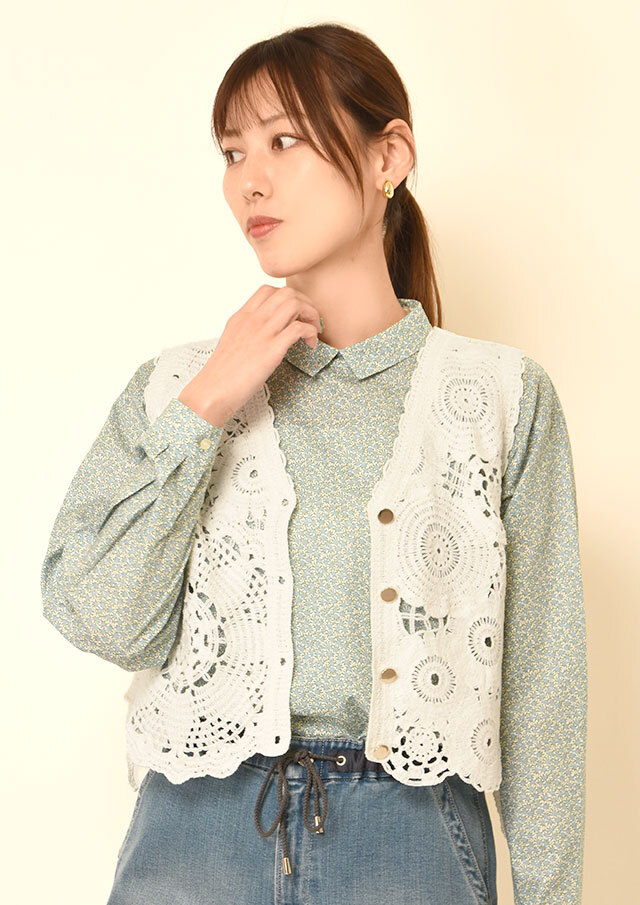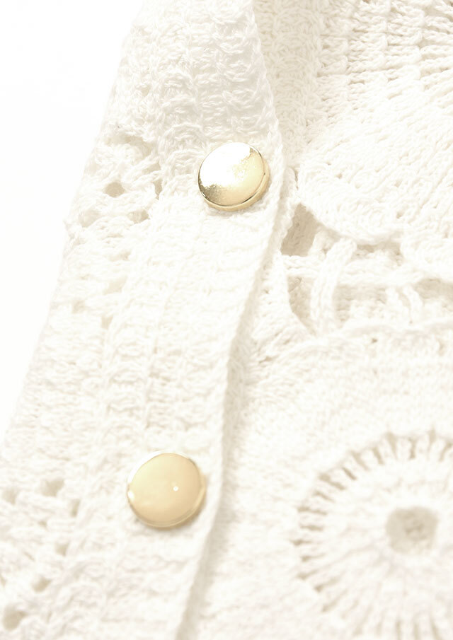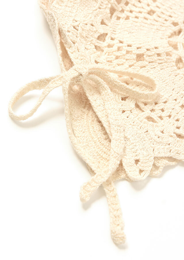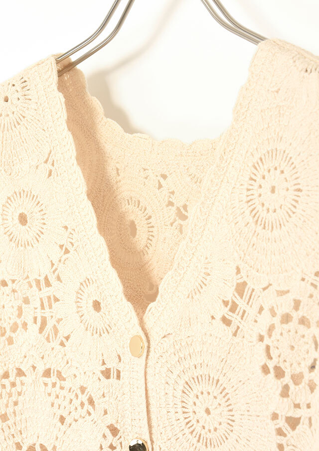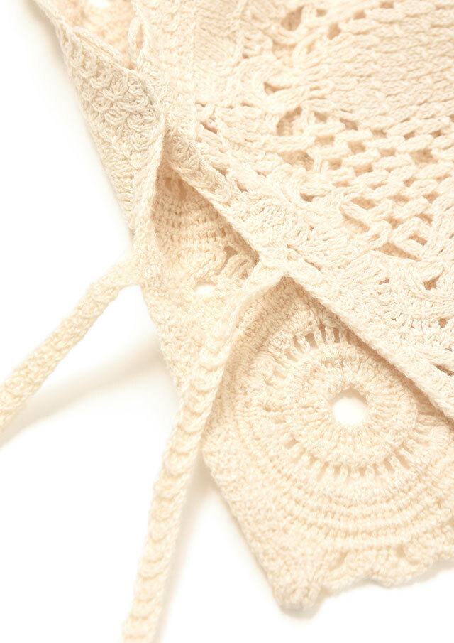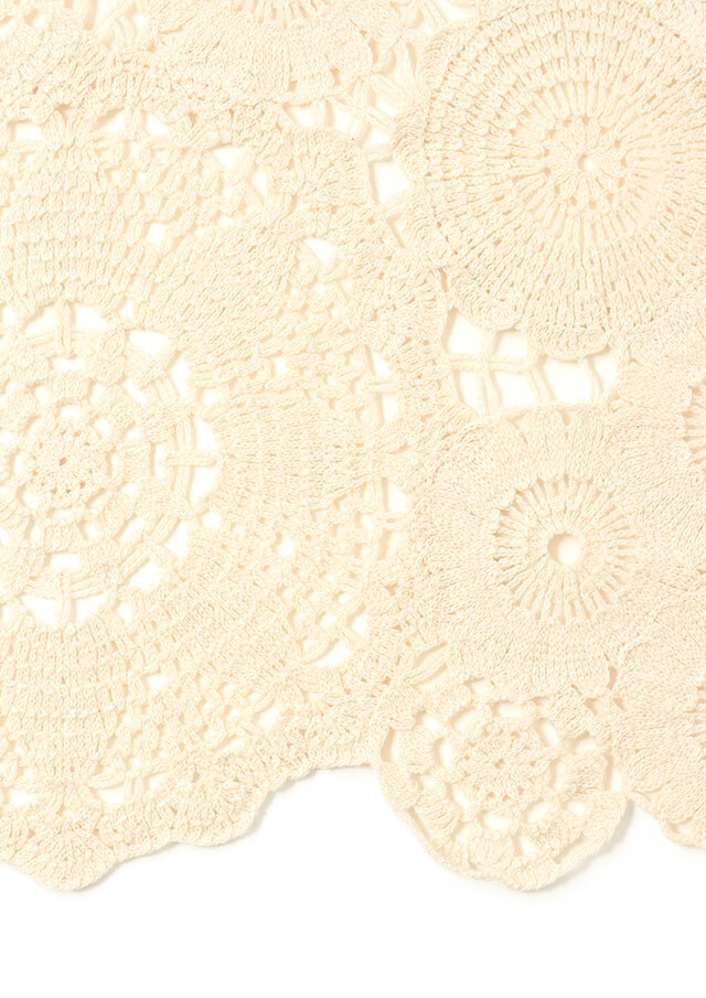 繊細なかぎ針編みの表情が、軽やかでフェミニンな印象を引き立てます。
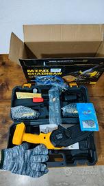 Mini motosega a batteria, nuova, come visibile in foto. Motosega con blocco di sicurezza, catena manuale in acciaio al manganese e oliatore automatico, sega da 15,2 cm. Il kit include 1x valigetta rigida 1x mini motosega 2x batterie 2000 mAh 1x catena di ricambio 1x supporto catena di ricambio 1x caricabatterie 1x occhiali protettivi 1x guanti 1x cacciavite 1x pennello 1x manuale d'istruzioni
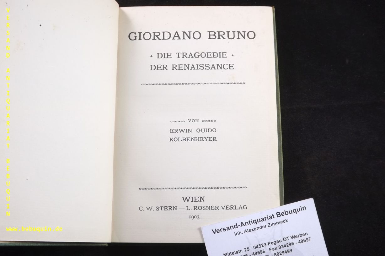 KOLBENHEYER, Erwin Guido: Giordano Bruno. Die Tragödie der Renaissance. Wien (Stern), 1903. 210 S. OLn. Einband mit Schmutzrand. EA des Erstlings WG² 1.
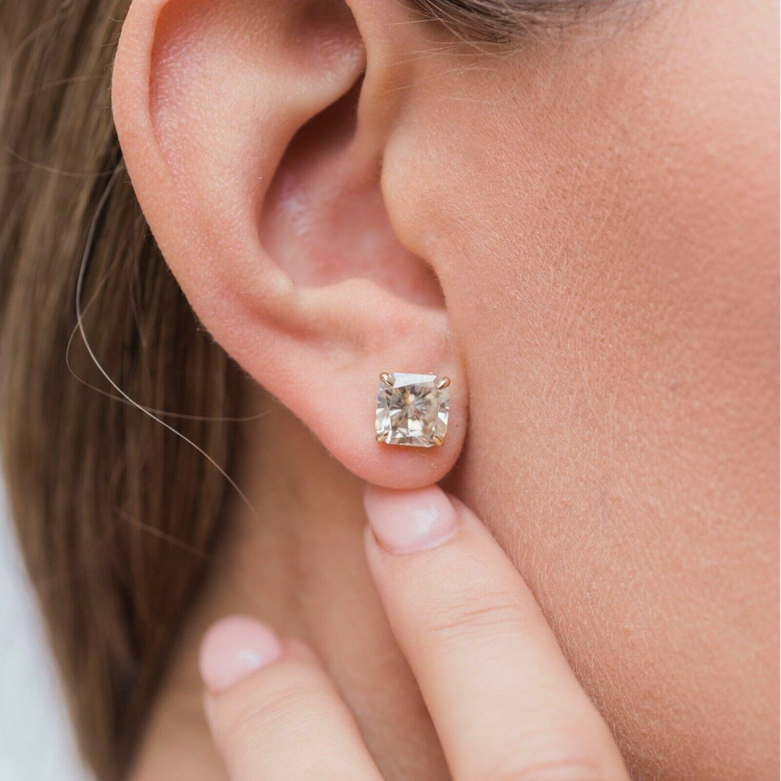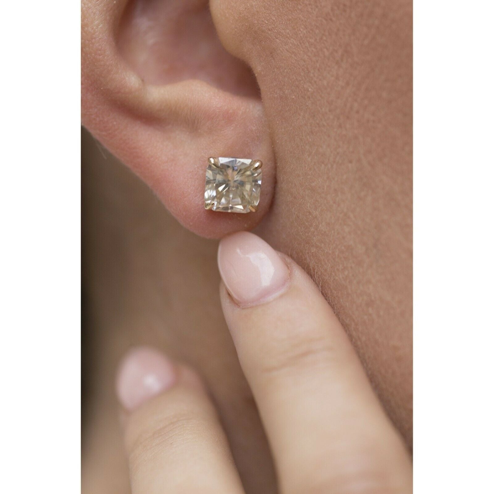 2.4ct Cushion Cut VVS1D Diamond Solitaire Stud Earrings 14k Yellow Gold Finish
··········
▸ **What the task requires**: Starting where a line contains "KOLBENHEYER, Erwin Guido: Giordano" and finishing at the last line above, set down every line exactly as it reads, with no pictures.

▸ **Exercise result**:
 KOLBENHEYER, Erwin Guido: Giordano Bruno. Die Tragödie der Renaissance. Wien (Stern), 1903. 210 S. OLn. Einband mit Schmutzrand. EA des Erstlings WG² 1.
 2.4ct Cushion Cut VVS1D Diamond Solitaire Stud Earrings 14k Yellow Gold Finish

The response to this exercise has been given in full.